Nothing had happened. The smoke from the shot still filled the air. I breathed it in, smelling blood, barely tingeing the air. Human blood, smelling a lot like Onorio blood. The Devil’s blood.
I had just killed a human with malice aforethought, with malevolence and planning. An assassination. I had killed a human while I was in no danger of my own life. I had just committed murder. I blew out a breath, forced myself up into a crouch, my guts on fire. Lurching, I reversed my path through the fighting until my back touched the wall. The brick was cold and wet and slick. The Devil’s swords faltered. A faint hesitation in movement. I watched as shotgun pellets burst from her throat. Out the far side of her neck. Her head tilted. Her eyes started going wide. Her knees went weak. Time sped in juddering, shuddering motions, like stop-and-go photography.
Bruiser was landing within the path of the Devil’s swords, his arms beginning to fling outward to deflect the Devil’s strikes. He would have survived the landing. He might even have survived the Devil’s assault. I could have disabled her. I could have done any number of nonlethal things to assure Bruiser’s life. Instead I killed her.
No one would thank me. Not the cops she had killed. Not their families. Not Reach, whom she had tortured.
I am a murderer. An arm of vengeance. The words were bitter in my thoughts.
Beast huffed in grim delight. Beast is best hunter.
In for a dollar, in for a death. I forced myself upright and walked to the vamp, approaching Peregrinus from behind. He had dropped his short sword and was lifting a hand, his fingers nearly touching the crystal quartz prison on his chest. He was getting ready to use it, to force the hatchling to work for him, to twist time. He was going to ride the arcenciel. At his side, Bethany also reached, her black eyes glittering, her gold earrings and beads halted in flight, her face fully vamped out. Desire and avarice wrenched her expression into something feral and fierce. If she got the crystal, things might go from pan to fire.
I pushed my body past the pain and reached around. Slid my fingers between Peregrinus’ hand and the necklace. Took the crystal quartz that hung around his neck, gripped it in one hand, and yanked. The thong holding it in place snapped and flew free, suspended in the air. Wrapping around my wrist with a quick bite of pain as the leather ends linked with my speed, my bubble in time. The crystal was cold in my hand, like holding dry ice, a burning frost.
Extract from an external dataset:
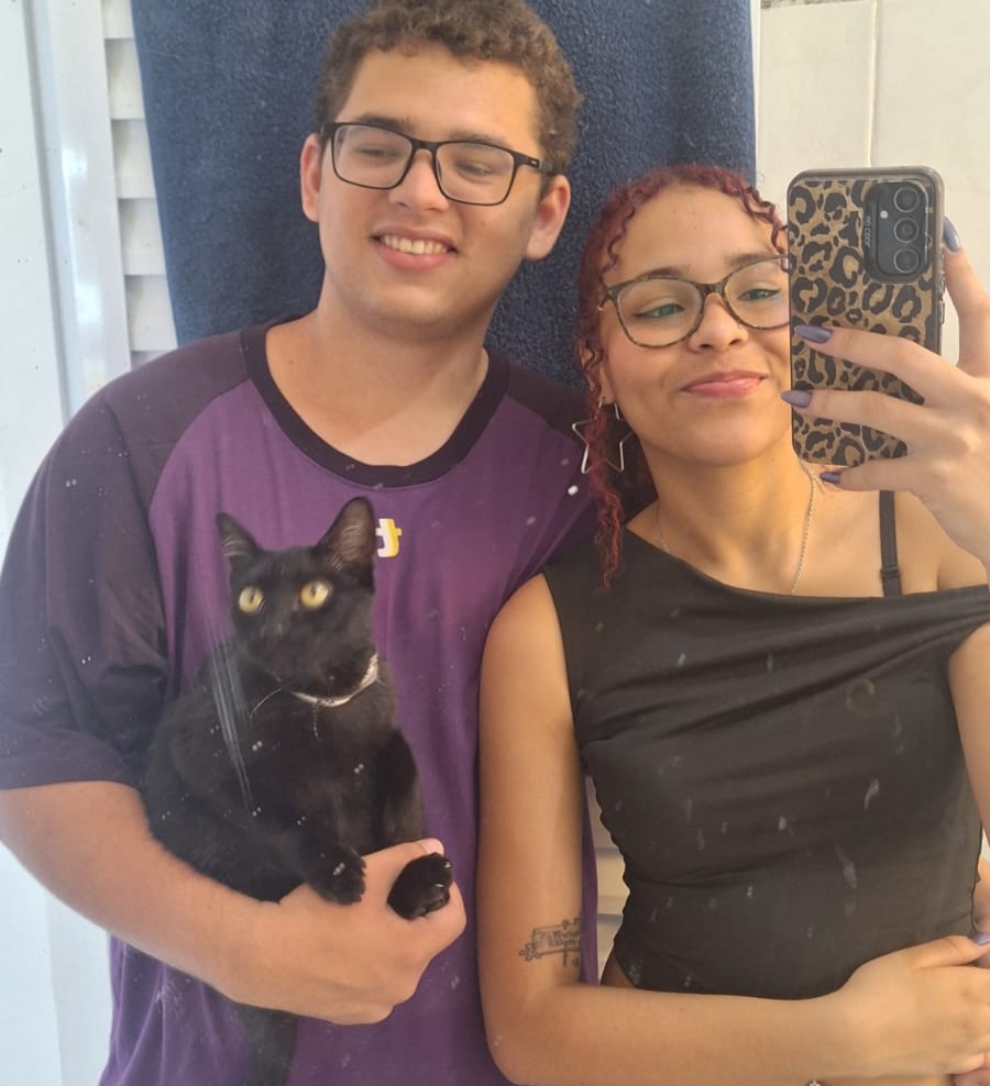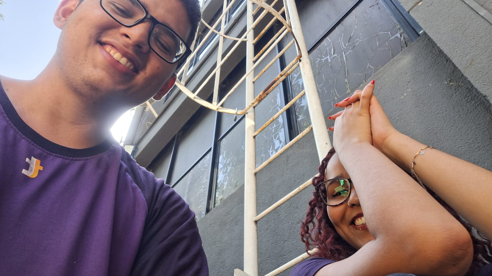 07/12/2025, Ă s 14:43, nossa primeira foto juntos. Sentamos no chĂŁo porque tinha um carro na nossa vaga e a escadinha estava ocupada (pelo Vitor). Tentei tirar a foto o mais espontĂąnea possĂvel, para capturar a essencia do seu sorriso mas Ă© impossĂvel capturar em uma imagem.

I curled my fist tighter and turned away from the fighting.
Nausea flooded up my throat and I gagged. My abdomen coiled and spiraled and knotted. I vomited and the splash that hit the wall was pure blood. That can’t be good.
I fell and felt a sword pass slowly over me, the roar of battle like a far-off jet engine, battering my eardrums. I cradled the crystal against my body as I heaved, and heaved. More and more blood erupted from me. The world spun drunkenly. I had lost too much blood. Something inside me had ruptured and it wasn’t healing over, not while I was in the bubble of time.
Price, Beast thought at me. Price is high. Must stop now.
I left Peregrinus fighting the two vamps, knowing that Bethany had been thwarted in whatever her goals might have been. Bruiser and the other Onorios would protect Leo, Katie, and Grégoire, no matter what Bethany might have wanted or planned. And without the crystal, without riding the arcenciel, and without the Devil, Peregrinus was done.
I looked at the thing hanging on the wall of Leo’s dungeon, believing in my gut that it needed to be beheaded. Beast’s fear response might be the only proof, but I trusted it more than I trusted logic or evidence. Of all the things in the dungeon, in the sub-five basement, that psycho thing needed killing. I couldn’t get there, do the deed, and get the arcenciel up, outside, and free before I died, however, not without blood in my veins, so that was a moral decision I didn’t have to make.
I took the crystal to the elevator shaft and looked up. I could see part of Eli’s face, a few floors up, leaning over the edge and trying to get a view. He had probably heard the Judge fire by now.
Still in the gray place of the change, the energies moved around me like black fireflies, but slower, jerky, not fluid and smooth. I bent and set the crystal on the clay floor. I snapped open the pocket on the thigh holster Bruiser had given me and pulled out the hatchling’s scale and set it beside the crystal.
I shouted, “Soul! I’ve got the hatchling!”
From behind, I heard a sound, a single ringing bell, as sword blade impacted sword blade. The note rang out for what felt like seconds, low and deep and sonorous. Above me, a ray of light appeared and illuminated the shaft. A flashlight had been turned on and was shining down.